→ **DATA SHOWN**:
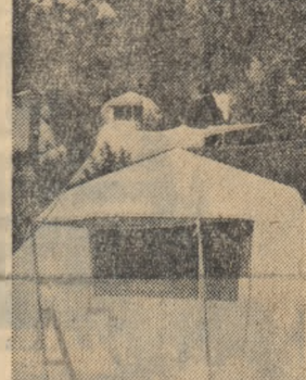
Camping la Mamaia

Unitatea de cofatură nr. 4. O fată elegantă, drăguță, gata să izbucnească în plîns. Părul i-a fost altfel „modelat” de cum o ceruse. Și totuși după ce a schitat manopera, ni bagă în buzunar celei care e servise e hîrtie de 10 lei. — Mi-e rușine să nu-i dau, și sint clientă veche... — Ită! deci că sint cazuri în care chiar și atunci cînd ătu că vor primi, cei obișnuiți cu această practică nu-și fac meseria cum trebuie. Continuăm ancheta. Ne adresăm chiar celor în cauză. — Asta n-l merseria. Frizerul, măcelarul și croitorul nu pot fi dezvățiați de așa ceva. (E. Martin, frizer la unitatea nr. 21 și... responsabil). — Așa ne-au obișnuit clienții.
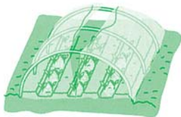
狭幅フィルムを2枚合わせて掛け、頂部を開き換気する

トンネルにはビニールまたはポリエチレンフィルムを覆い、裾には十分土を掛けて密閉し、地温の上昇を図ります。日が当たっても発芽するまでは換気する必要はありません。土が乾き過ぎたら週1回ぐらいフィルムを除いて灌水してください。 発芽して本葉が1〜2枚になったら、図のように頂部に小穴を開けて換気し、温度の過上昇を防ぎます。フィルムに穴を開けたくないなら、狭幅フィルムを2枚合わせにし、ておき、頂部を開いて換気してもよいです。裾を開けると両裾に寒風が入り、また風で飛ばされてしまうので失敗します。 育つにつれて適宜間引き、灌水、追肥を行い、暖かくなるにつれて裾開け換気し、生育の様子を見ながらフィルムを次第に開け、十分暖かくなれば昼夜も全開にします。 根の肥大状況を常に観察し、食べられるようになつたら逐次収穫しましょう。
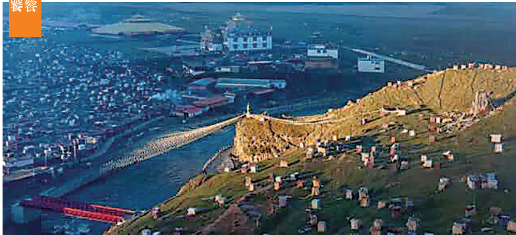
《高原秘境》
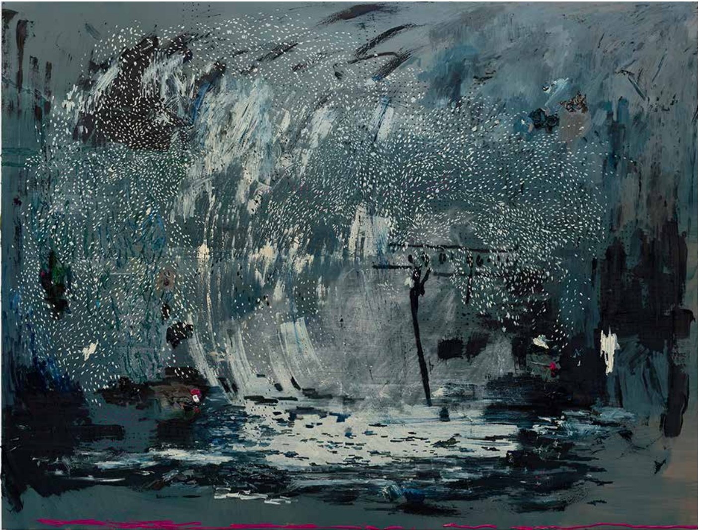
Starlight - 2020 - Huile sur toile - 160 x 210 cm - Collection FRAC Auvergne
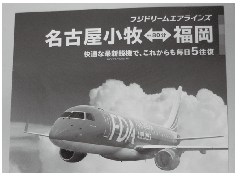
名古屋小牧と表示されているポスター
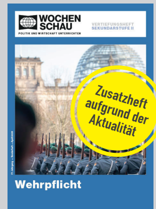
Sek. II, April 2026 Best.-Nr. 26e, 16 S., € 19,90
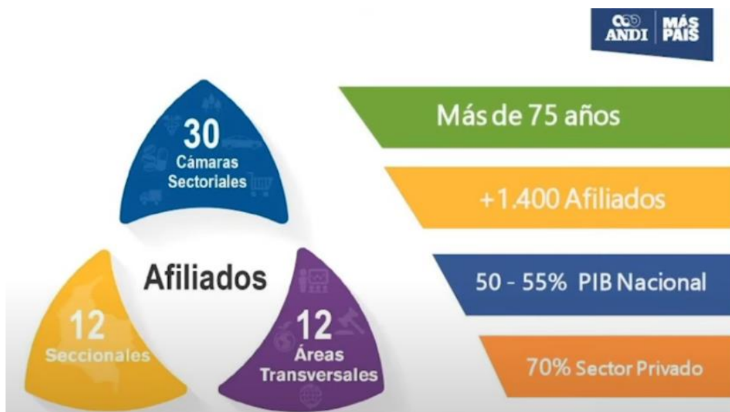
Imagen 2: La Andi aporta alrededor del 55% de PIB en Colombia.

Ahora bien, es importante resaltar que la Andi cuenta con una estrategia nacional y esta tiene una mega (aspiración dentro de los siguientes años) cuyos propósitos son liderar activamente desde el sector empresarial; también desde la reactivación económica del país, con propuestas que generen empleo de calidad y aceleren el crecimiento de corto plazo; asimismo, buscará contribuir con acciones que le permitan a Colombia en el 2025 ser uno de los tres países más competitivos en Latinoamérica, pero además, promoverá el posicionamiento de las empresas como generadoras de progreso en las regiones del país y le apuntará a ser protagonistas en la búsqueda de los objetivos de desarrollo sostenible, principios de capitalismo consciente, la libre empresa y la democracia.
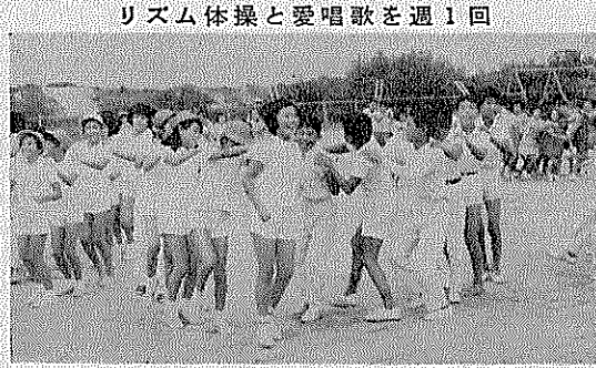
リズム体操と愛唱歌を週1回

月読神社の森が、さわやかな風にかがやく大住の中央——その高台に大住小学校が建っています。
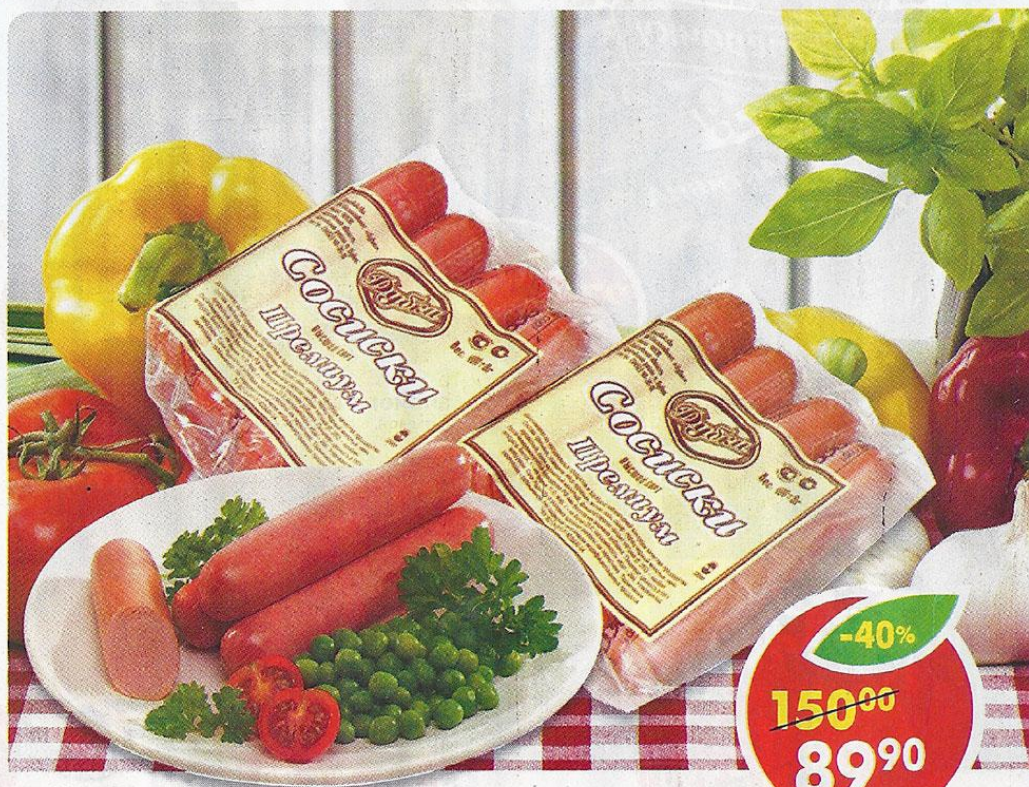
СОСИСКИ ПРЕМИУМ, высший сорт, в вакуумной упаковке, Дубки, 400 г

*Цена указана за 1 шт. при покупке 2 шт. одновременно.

→ **ABOUT THIS TASK**:
Set the pictures aside and restate word for word only the lines from the line containing "Sek. II, April" through the end of the entries above, both included.

→ **EXERCISE RESULT**:
Sek. II, April 2026 Best.-Nr. 26e, 16 S., € 19,90
Imagen 2: La Andi aporta alrededor del 55% de PIB en Colombia.

Ahora bien, es importante resaltar que la Andi cuenta con una estrategia nacional y esta tiene una mega (aspiración dentro de los siguientes años) cuyos propósitos son liderar activamente desde el sector empresarial; también desde la reactivación económica del país, con propuestas que generen empleo de calidad y aceleren el crecimiento de corto plazo; asimismo, buscará contribuir con acciones que le permitan a Colombia en el 2025 ser uno de los tres países más competitivos en Latinoamérica, pero además, promoverá el posicionamiento de las empresas como generadoras de progreso en las regiones del país y le apuntará a ser protagonistas en la búsqueda de los objetivos de desarrollo sostenible, principios de capitalismo consciente, la libre empresa y la democracia.
リズム体操と愛唱歌を週1回

月読神社の森が、さわやかな風にかがやく大住の中央——その高台に大住小学校が建っています。
СОСИСКИ ПРЕМИУМ, высший сорт, в вакуумной упаковке, Дубки, 400 г

*Цена указана за 1 шт. при покупке 2 шт. одновременно.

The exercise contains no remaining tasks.